Vicarious Liability: Claims Against Employers

If you have an accident in the workplace you might be concerned about who you are claiming against. Sometimes an accident can be caused by a colleague in the workplace acting negligently and they themselves might not be insured to cover against these accidents and not have the money to compensate you for an injury suffered.

The law, therefore, provides a loophole to allow that where an employee acts negligently, their employer can be found to be ‘vicariously liable’. This means that instead of claiming against the employee directly the claimant can redirect their claim against the employer provided the negligent party were acting ‘in the course of employment’. The principle behind this is that because the employer in effect should control the actions of the employee within the working environment, it should be their responsibility to make sure that they provide a safe working environment.
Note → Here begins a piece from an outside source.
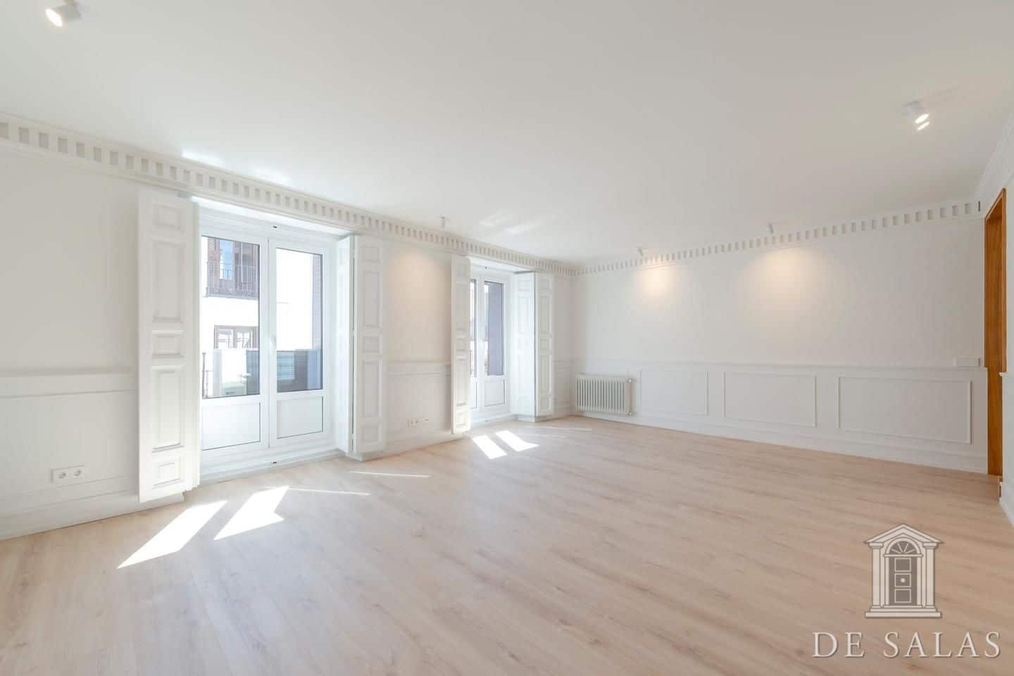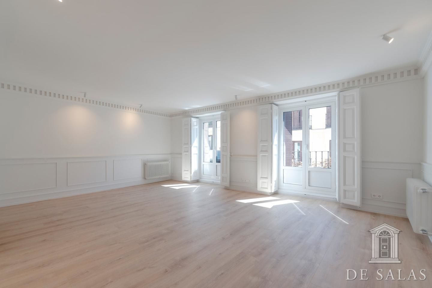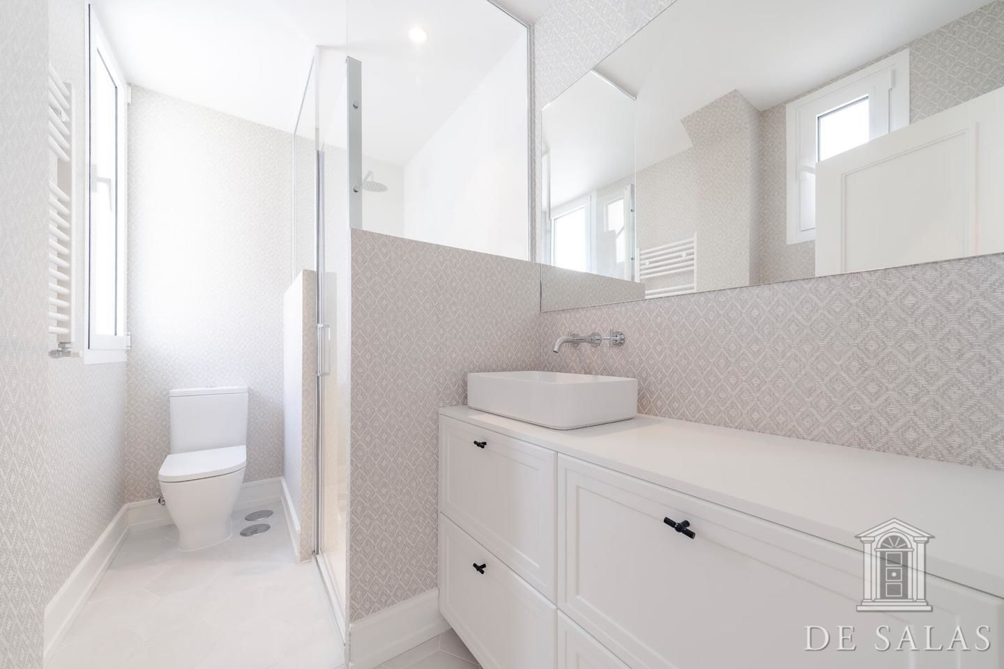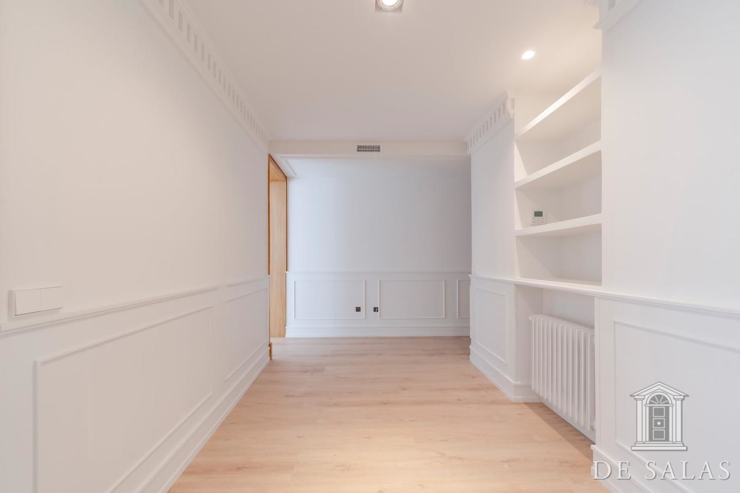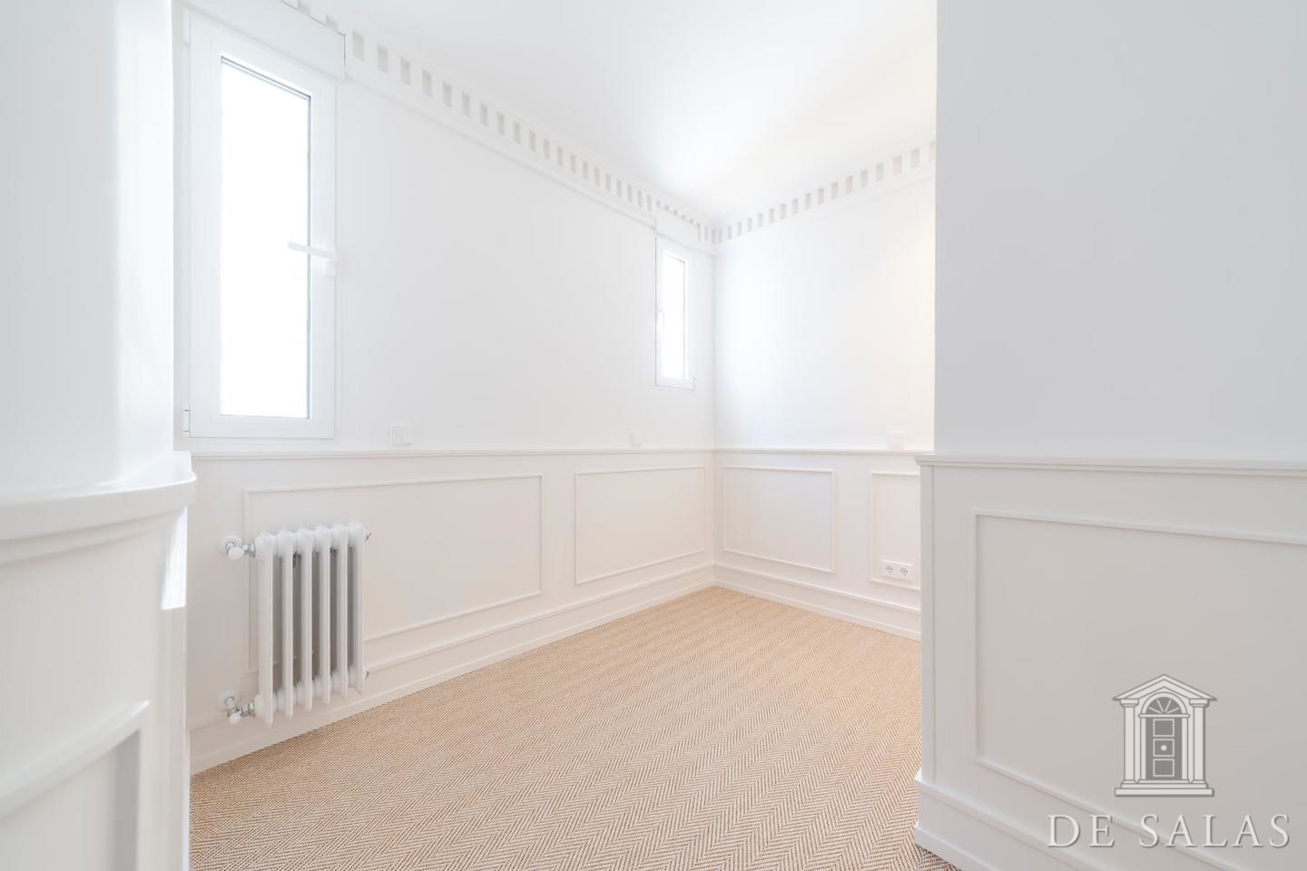 De Salas presenta esta excelente propiedad de lujo exterior en la mejor zona del barrio de Justícia, en el distrito Centro. La vivienda se encuentra reformada completamente a estrenar. Cuenta con 145 metros cuadrados construidos, un amplio y luminoso salón con dos balcones a la calle, comedor y cocina independiente equipada con todos los electrodomésticos de primera gama. La zona de dormitorios se distribuye en tres dormitorios, uno en suite, otro de buen tamaño que da servicio a los demás dormitorios y un aseo de cortesía. Posee aire-acondicionado y calefacción por conducto.

That responsibility extends not only to providing safe offices/warehouses etc… but also to the conduct of employees and taking precautions to minimising the risk of injury.

A good example is the case of Harrison v Michelin Tyre Co Ltd. The claimant was injured at work while standing on a duckboard of his machine talking to a fellow employee. Another employee while pushing a truck in front of Harrison decided as a joke to turn the truck two inches outside the chalked lines of the passageway and push the edge of it under Harrison’s duckboard. The duckboard tipped up and Harrison fell suffering injury.

The judge in this case said that the test for determining vicarious liability was whether an employee’s act was incidental to their employment, even though it may have been unauthorised or prohibited or alternatively so far removed from their employment as to be plainly alien to it. Here the court found that the employer was vicariously liable and that the employee was acting in the course of their employment.